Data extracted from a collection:
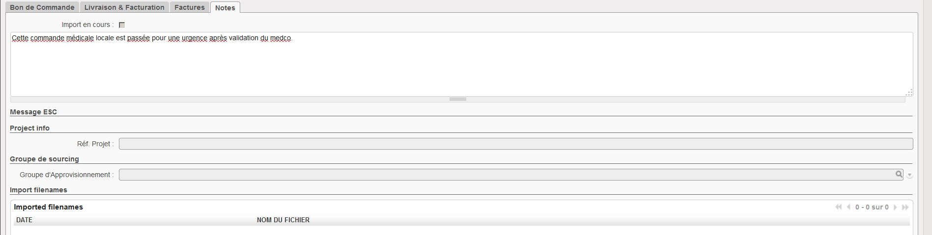 Vous pouvez utiliser l’onglet “Notes” si vous souhaitez insérer des informations supplémentaires liées à la PO.
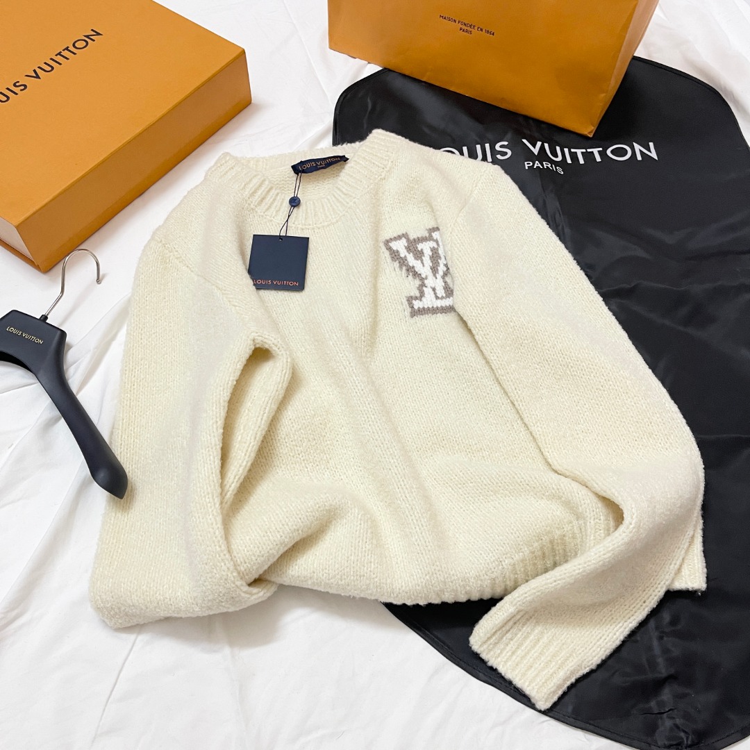 NIGO Louis Vuitton Women's Spring and Autumn Solid Color Letter Applique Crew Neck Knitted Sweater #nigo74948
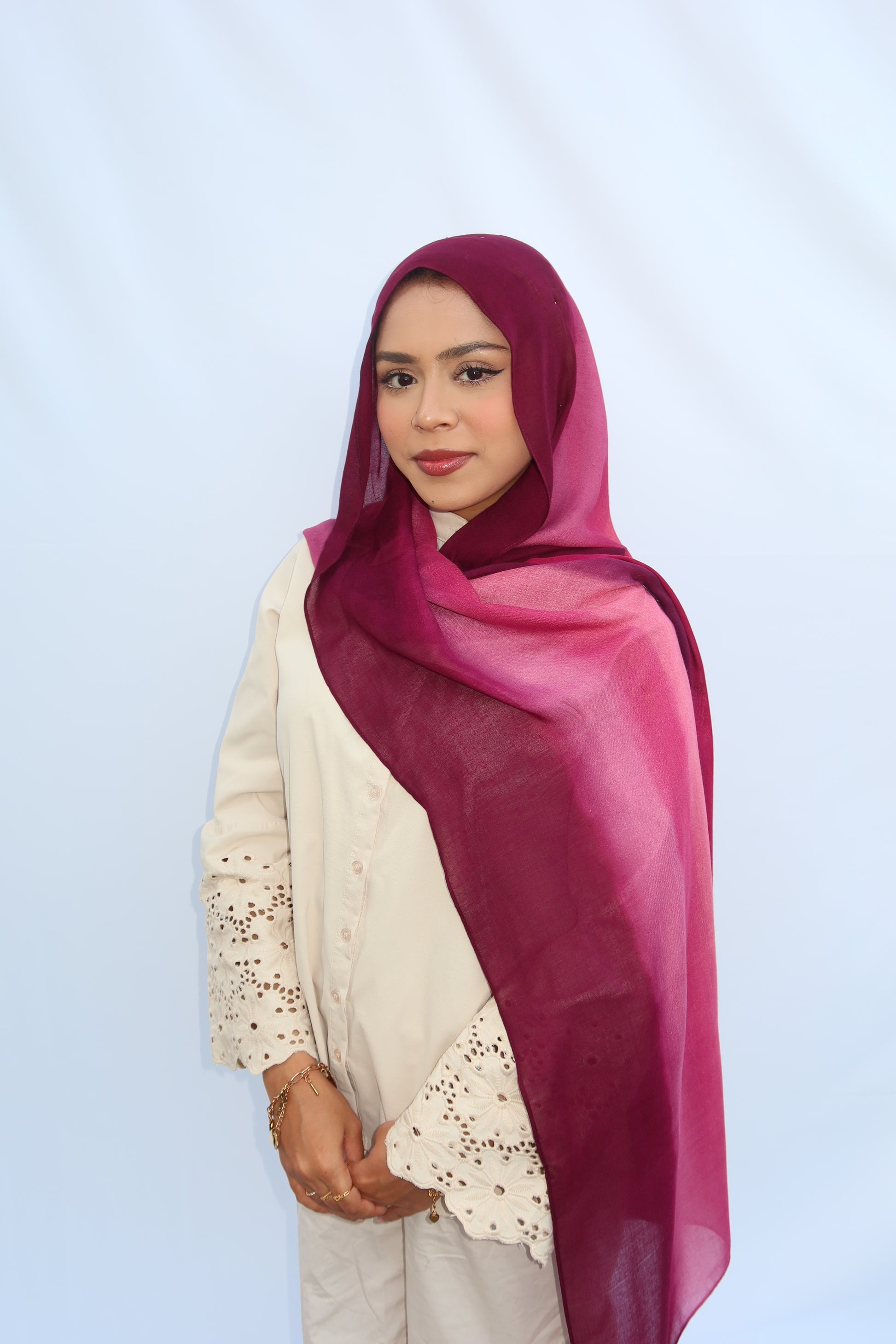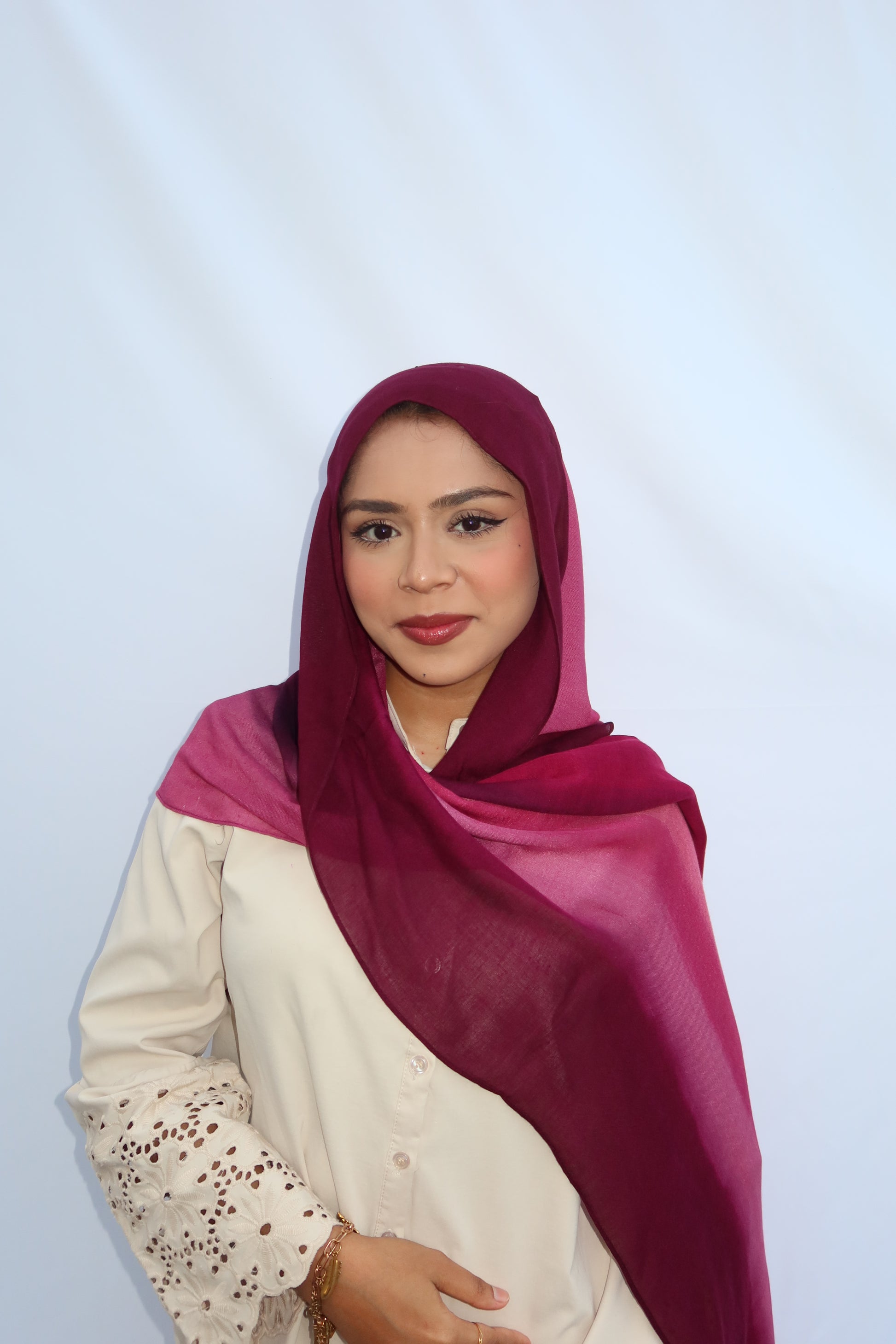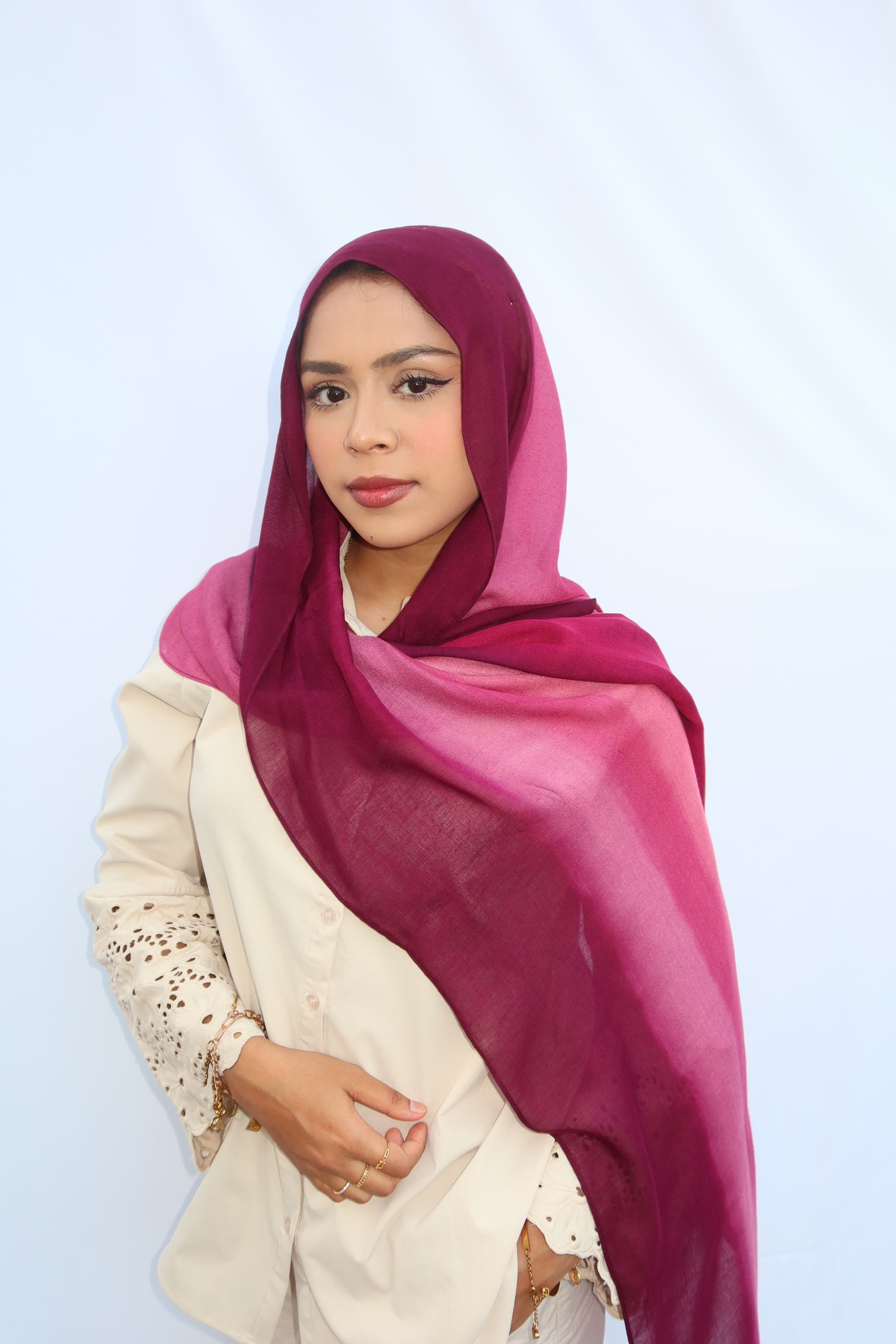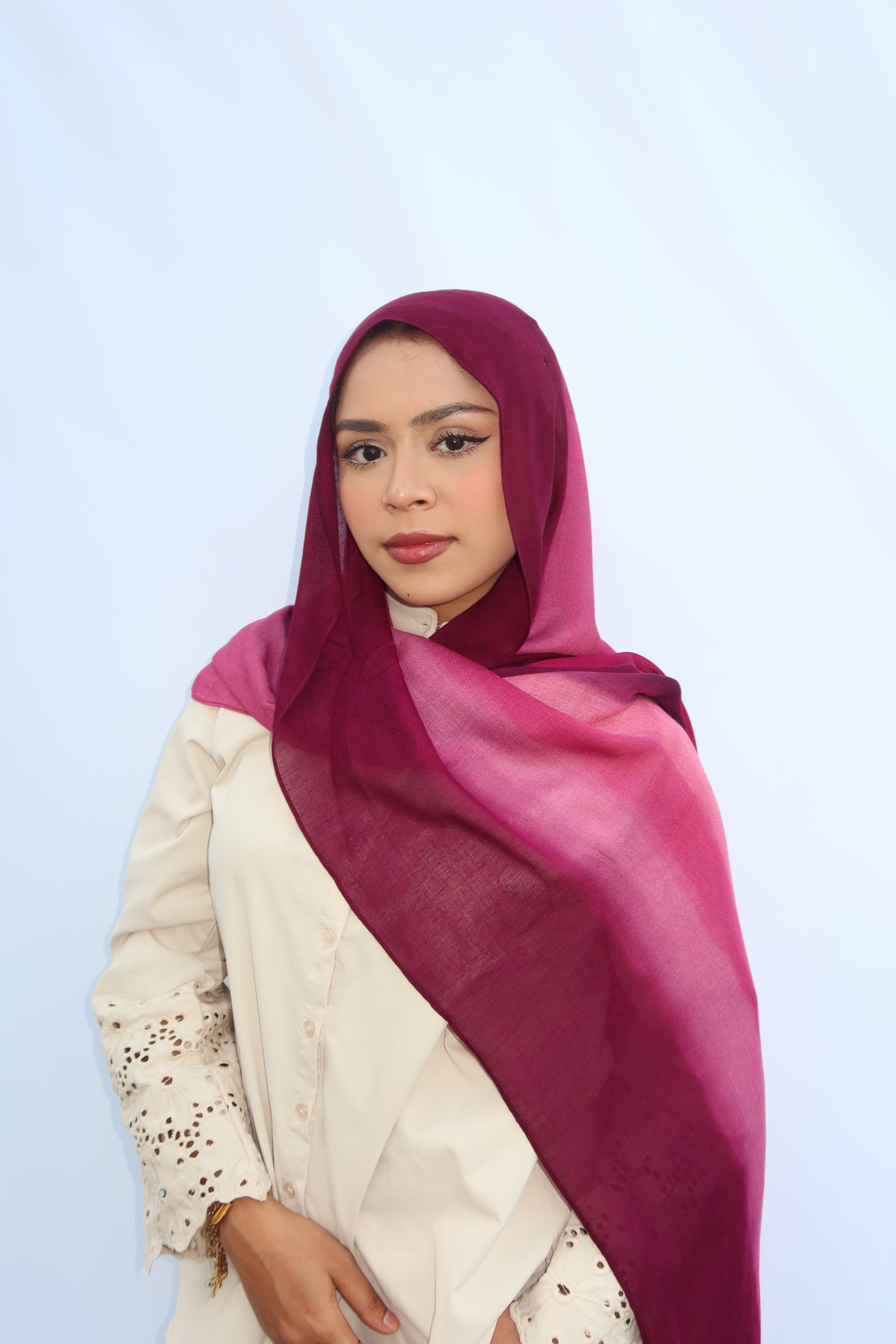 Berry Dusk: 🍓🍇🩷♥️ This Hijab Features A Soft Ombre Blend Of Deep Plum, Burgundy, Berry, And Pinkish Wine Tones That Flow Beautifully Together. The Gradient Shifts Seamlessly From Dark To Light, Giving It A Luxurious, Feminine Look. The Colors Blend In Together Beautifully And It’s The Prettiest Hijab Every Girl Needs!
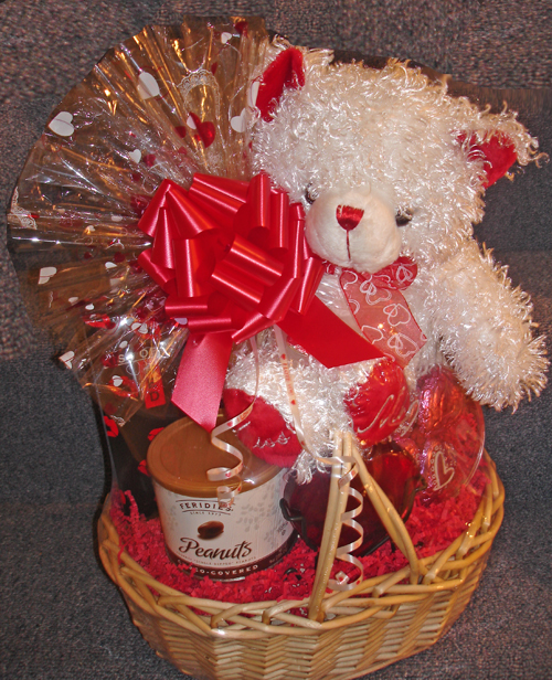 This sweetheart gift is full of passionate flavor. We’ve included chocolate-covered peanuts, chocolate drizzled popcorn with cashews, cookies, truffles, a red-heart candle holder, chocolate lips candies, interlocking heart his & hers silver-plated flutes, chocolate heart candies, and a large “Kiss Me” teddy bear (has Kiss on one foot-paw & Me on the other).
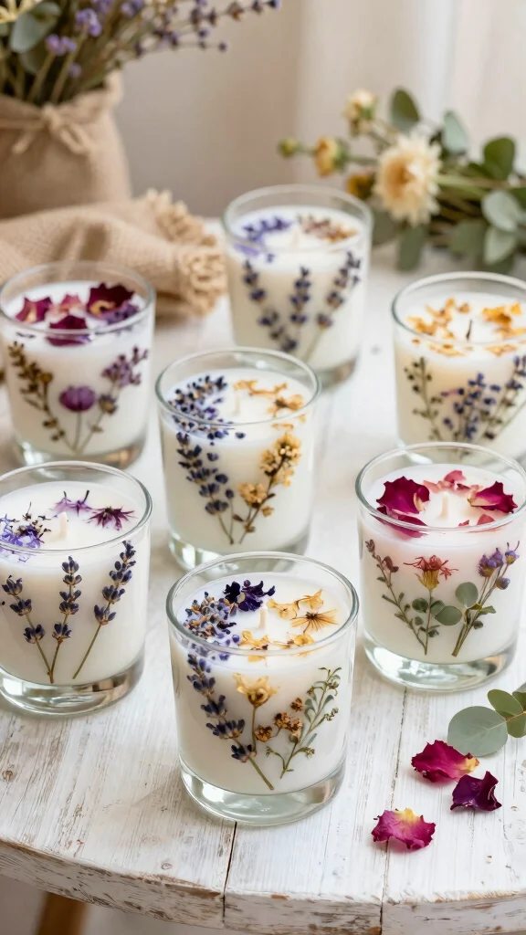 Add a charming twist to your scented candles by decorating them with dried fruit! These colorful additions enhance visual appeal and introduce subtle scents as they burn. Think orange slices for a refreshing note or dried cranberries for a warm aroma.
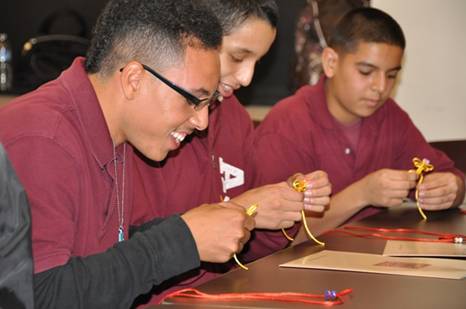 11月7日上午,ASU孔子学院为ASU 附属中学组织了中国文化体验课程,为刚开始学中文的中学生提供一个绝佳机会亲身体验画中国水墨画和编中国结。ASU附属中学包括西校区和菲尼克斯校区,共有来自这两个校区的70多名学生参加了此次活动。他们在中文老师的带领下,兴高采烈的来到ASU 的MU大楼指定的教室。
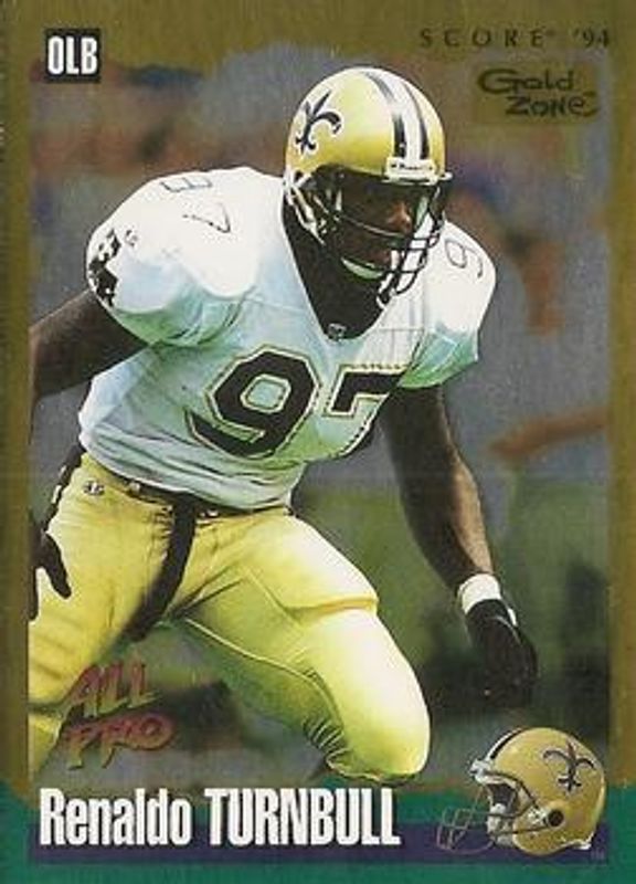 The Renaldo Turnbull 1994 Score #101 Gold Zone card is 1 of 2 Renaldo Turnbull's card variations in the 1994 Score set being tracked by Sports Card Investor, including Base.

Work task: Each entry above should be given again exactly, with its pictures omitted.

Finished task:
 Vous pouvez utiliser l’onglet “Notes” si vous souhaitez insérer des informations supplémentaires liées à la PO.
 NIGO Louis Vuitton Women's Spring and Autumn Solid Color Letter Applique Crew Neck Knitted Sweater #nigo74948
 Berry Dusk: 🍓🍇🩷♥️ This Hijab Features A Soft Ombre Blend Of Deep Plum, Burgundy, Berry, And Pinkish Wine Tones That Flow Beautifully Together. The Gradient Shifts Seamlessly From Dark To Light, Giving It A Luxurious, Feminine Look. The Colors Blend In Together Beautifully And It’s The Prettiest Hijab Every Girl Needs!
 This sweetheart gift is full of passionate flavor. We’ve included chocolate-covered peanuts, chocolate drizzled popcorn with cashews, cookies, truffles, a red-heart candle holder, chocolate lips candies, interlocking heart his & hers silver-plated flutes, chocolate heart candies, and a large “Kiss Me” teddy bear (has Kiss on one foot-paw & Me on the other).
 Add a charming twist to your scented candles by decorating them with dried fruit! These colorful additions enhance visual appeal and introduce subtle scents as they burn. Think orange slices for a refreshing note or dried cranberries for a warm aroma.
 11月7日上午,ASU孔子学院为ASU 附属中学组织了中国文化体验课程,为刚开始学中文的中学生提供一个绝佳机会亲身体验画中国水墨画和编中国结。ASU附属中学包括西校区和菲尼克斯校区,共有来自这两个校区的70多名学生参加了此次活动。他们在中文老师的带领下,兴高采烈的来到ASU 的MU大楼指定的教室。
 The Renaldo Turnbull 1994 Score #101 Gold Zone card is 1 of 2 Renaldo Turnbull's card variations in the 1994 Score set being tracked by Sports Card Investor, including Base.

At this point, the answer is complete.